In findings that, in the opinion of senior author Domenico Accili, turn the current approach to treating Type II diabetes on its head, researchers at Columbia University have discovered that in Type II diabetes, the insulin-producing pancreatic beta cells whose failure is at the core of the disease do not die. Quite the opposite: They become more stem cell-like.

That's the conclusion that Accili, who is at Columbia University, and his colleagues reached after performing lineage tracing studies on pancreatic beta cells in mouse models of Type II diabetes.

"It is remarkable that during a disease process such as Type II diabetes, cells lose their specialized properties and become more stem-like," Accili told BioWorld Today. "It's known in a culture dish. But that it happens in an animal during a disease state is novel. . . . I'm not sure there is any precedent for it."

In fact, the findings, which appeared in the Sept. 13, 2012, issue of Cell, are pretty much the opposite of what the team expected when they started their tracing studies.

The work was part of a study on the transcription factor FOXO1, which Accili described as an "overarching interest" of his research.

"What we were trying to demonstrate was that it is important for the sensing of nutrients – how cells behave when there are sugars and lipids around," Accili said.

Normally, FOXO1 is inactive when nutrients are present. But when cells are stressed through rapid changes in nutrient levels – as is often the case during the stage that precedes outright diabetes – FOXO1 first becomes activated, but ultimately is silenced.

Accili and his team wanted to see whether those changes in FOXO1 activity were a cause, or a consequence, of diabetes, and so they first looked at FOXO1 knockout mice. Such animals became extremely sensitive to cellular stress and were more likely than controls to develop diabetes during pregnancy and as they aged.

Those findings showed that changes in FOXO1 expression are a cause of diabetes and not just one of its symptoms. But the real surprise came when the team performed lineage tracing studies to see what happened to pancreatic beta cells. Specifically, they wanted to see whether pancreatic beta cells died during diabetes – which was Accili's hunch – or whether they simply became less functional.

"We were expecting cell death," Accili said. Instead, the pancreatic beta cells "were still alive.
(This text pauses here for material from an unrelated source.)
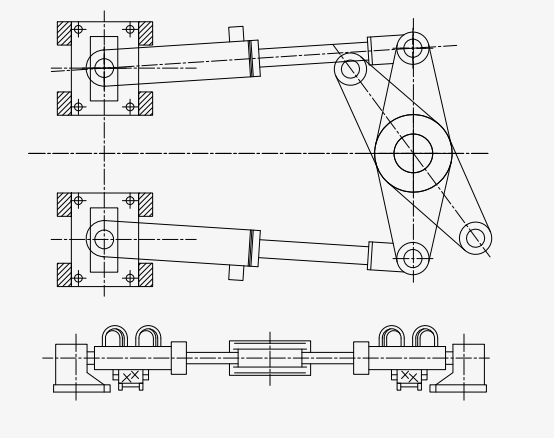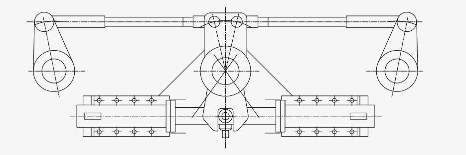 Fork-type push-to-rudder device is the reciprocating motion of the plunger in the cylinder, by tilting tiller output rotation. The rudder torque drives the rudder blade to rotate. The figure shows the steering gear in the twin rudder: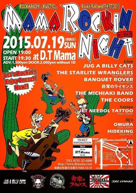 2015年07月04日(日)@和歌山 D.T Mama http://www.dtmama.com/ 『MAMA ROCKIN NIGHT VOL.11』 open 19:00 / start 19:30 ADV \1500 / DOOR \2000 + 1d ◆BAND◆ ・JUG A BILLY CATS(osaka) ・THE STARLITE WRANGLERRS(yokohama) ・BANQUET ROVER(aichi) ・非常のライセンス(aichi) ・THE MICHIAKI BAND ・THE COORS ◆TATTOO◆ ・JET NEEDOL TATTOO(osaka) ◆DJ◆ ・OOMURA(osaka) ・HIDEKING(aichi) 【D.T Mama】 和歌山県新宮市新宮7684-53 2F TEL 0735-22-6800

But they had lost all the properties that allow us to call a beta cell a beta cell" – most notably, they no longer produced insulin.
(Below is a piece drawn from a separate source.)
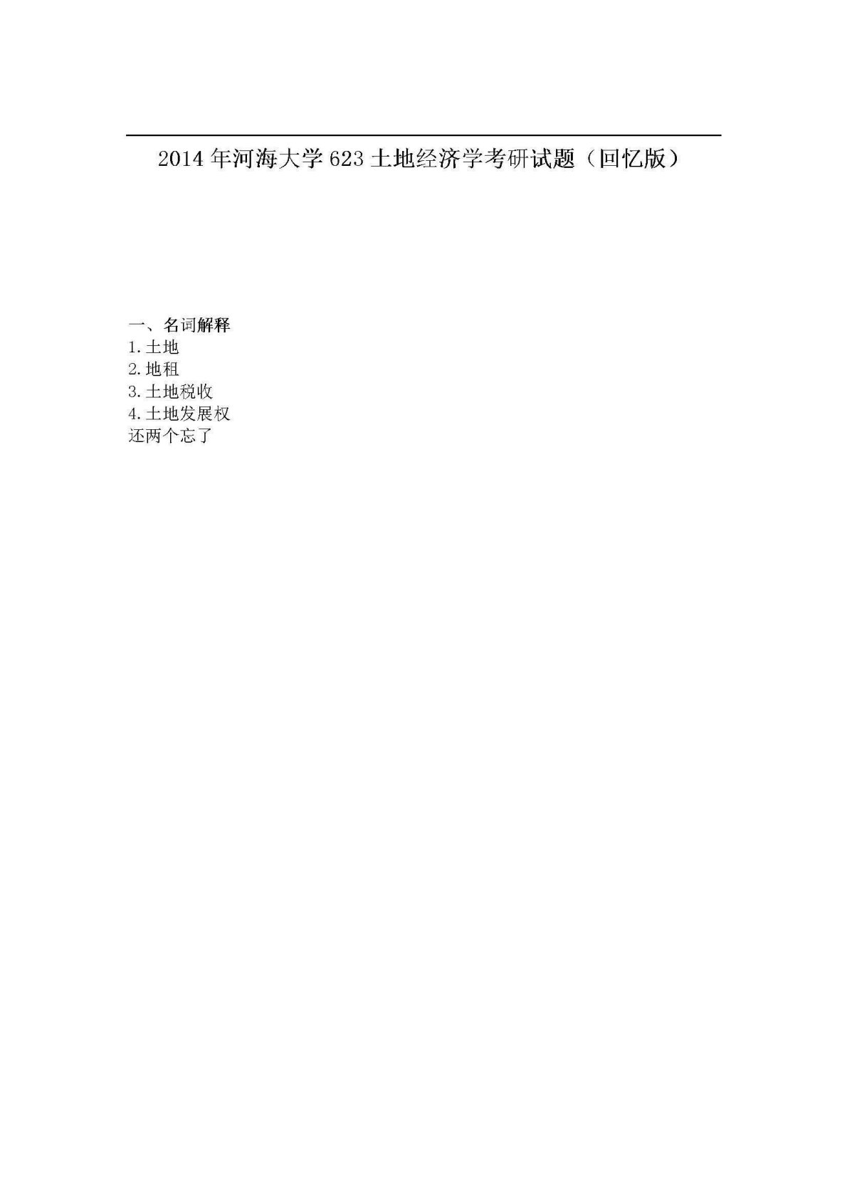 河海大学623土地经济学2014年真题回忆版

That, he added, led naturally to the next question: "If they are not beta cells, what are they?"

The answer was twofold. Many of the pancreatic beta cells started expressing markers of stem and progenitor cells. Some of those progenitor cells, in turn, went over to the dark side altogether. They ultimately turned into glucagon-producing alpha cells, a cell type that raises blood sugar. The last two diabetes drugs approved by the FDA, Accili noted, target glucagon production rather than focusing on insulin.
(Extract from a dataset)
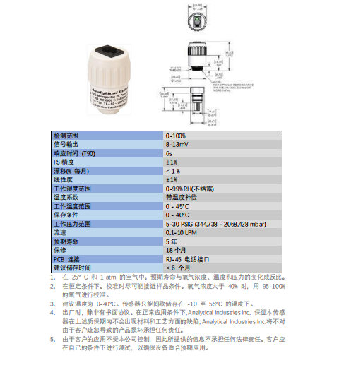 美國(guó)AII O2 氧氣傳感器 PSR-11-60-08 參數(shù):

For now, the findings are in the realm of basic research. But they do, Accili said, basically imply that the current treatment of diabetes is exactly backward.

Rather than trying to "flog" beta cells into producing more insulin, he said, treatments should aim at "giving beta cells a rest" to allow them to recover rather than doing the cellular equivalent of curling up in the fetal position. Such a change in strategy, he said, would be "a real sea change."

Accili and his team currently are investigating whether the same process of beta cell de-differentiation takes place in humans. If it does, then longer term, a possible treatment option might be to coax progenitor cells back into beta cell status. Looking on the bright side, the fact that beta cells can turn into alpha cells via a less differentiated intermediate, he said, shows that "progenitor cells retain the ability to give rise to a fully differentiated cell. It's just not the one we wanted" – at least for the time being.